Aasimar have 3 subraces: The Protector (+1 Wis, can grow Wings and deal extra Radiant damage with attacks), The Scourge (+1 Con) and The Fallen (+1 Str, can activate a fear Aura and deal extra Necrotic damage with attacks)

Base all Aasimar have +2 Charisma and have the other features that the DMG Aasimar had except the spellcasting and +1 Wis (Those were replaced by the subraces).


----------



## SkidAce (Nov 3, 2016)

TheHobgoblin said:


> It is a good thing the spoilers warned me now not to buy the god damn book. I just feel bad for anyone who was stupid enough to pre-order it.




I think all races should not neccesarily be good at all things, and have no problem with the orc as presented.  I like the fact that it inclined to a particular type of wizard.

And if I didn't like it, I would change the penalty for my game to something else, or negate it completely and game on. 

The previews have me even more stoked for the book.  

PS, I am not stupid.


----------



## gyor (Nov 3, 2016)

The reddit where some of these images come from, which is now closed.

 If you look at the Yuan Ti Pureblood in the MM, its even lots of caster/magic stuff. Like Animal Friendship at will (snakes only), and Poison Spray/Suggestion 3 times a day, magic resistance, poison immunity, darkvision.

 So if I had to guess, poison spray cantrip, animal friendship (snakes only) at will, suggestion 1/short rest, poison immunity, but I think the PC verison won't get magic resistance. Just a guess.


----------



## The Jenneral (Nov 3, 2016)

Why's the Kobold so garbage? Between sunlight sensitivity and the strength penalty I really don't see a scenario where I'd want to use one over a goblin (if I wanted a small monstrous race) or a dragonborn or lizardfolk (if I wanted to play a dragon or reptile). Plus, they should really get some kind of bonus to int for the inevitable artificer/inventor type class. Honestly, I really really hate to see stat penalties return. They're not 5e's style at all. Pretty disappointed with all of the "monstrous" PC races, actually. Kind of killed a lot of my hype for this. Still going to pick it up for the monster manual/monstrous arcana component, though.


----------



## gyor (Nov 3, 2016)

GarrettKP said:


> Aasimar have 3 subraces: The Protector (+1 Wis, can grow Wings and deal extra Radiant damage with attacks), The Scourge (+1 Con) and The Fallen (+1 Str, can activate a fear Aura and deal extra Necrotic damage with attacks)
> 
> Base all Aasimar have +2 Charisma and have the other features that the DMG Aasimar had except the spellcasting and +1 Wis (Those were replaced by the subraces).

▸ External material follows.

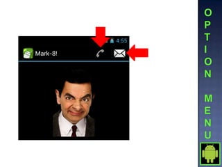 This document provides instructions for a sample Android project called Mark-8. It describes two screens: Screen 1 displays an image and information and links to Screen 2; Screen 2 accepts user input to update the information from Screen 1. It also describes adding a menu with options for Call, SMS, and Exit. The SMS option opens a dialog screen. Finally, it provides instructions for adding a grid view with images and opening a new activity when an item is selected.
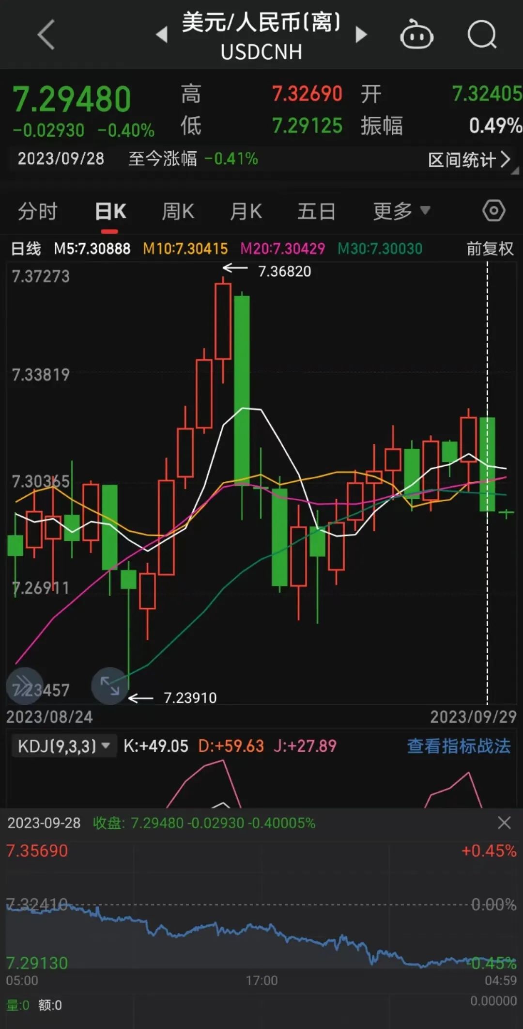 值得注意的是,离岸人民币对美元28日整体上涨将近400点,涨穿7.3元,北京时间29日4时59分报7.2948元,收复7.3元关口。

 I think they still get the light cantrip, its Lesser Restoration and Daylight that got dumped, for the ability at 3rd level to transform into some kind of Angel form for 1 minute (basically Guardian Angel, Avenging Angel, and Fallen Angel kind flavour from the sounds of it).


----------



## gyor (Nov 3, 2016)

GarrettKP said:


> Aasimar have 3 subraces: The Protector (+1 Wis, can grow Wings and deal extra Radiant damage with attacks), The Scourge (+1 Con) and The Fallen (+1 Str, can activate a fear Aura and deal extra Necrotic damage with attacks)
> 
> Base all Aasimar have +2 Charisma and have the other features that the DMG Aasimar had except the spellcasting and +1 Wis (Those were replaced by the subraces).




 I think they still get the light cantrip, its Lesser Restoration and Daylight that got dumped, for the ability at 3rd level to transform into some kind of Angel form for 1 minute (basically Guardian Angel, Avenging Angel, and Fallen Angel kind flavour from the sounds of it).


----------



## MiraMels (Nov 3, 2016)

They brought back racial stat penalties. _They brought back racial stat penalties?
_
I have to say, I am incredibly disappointed that they did this.  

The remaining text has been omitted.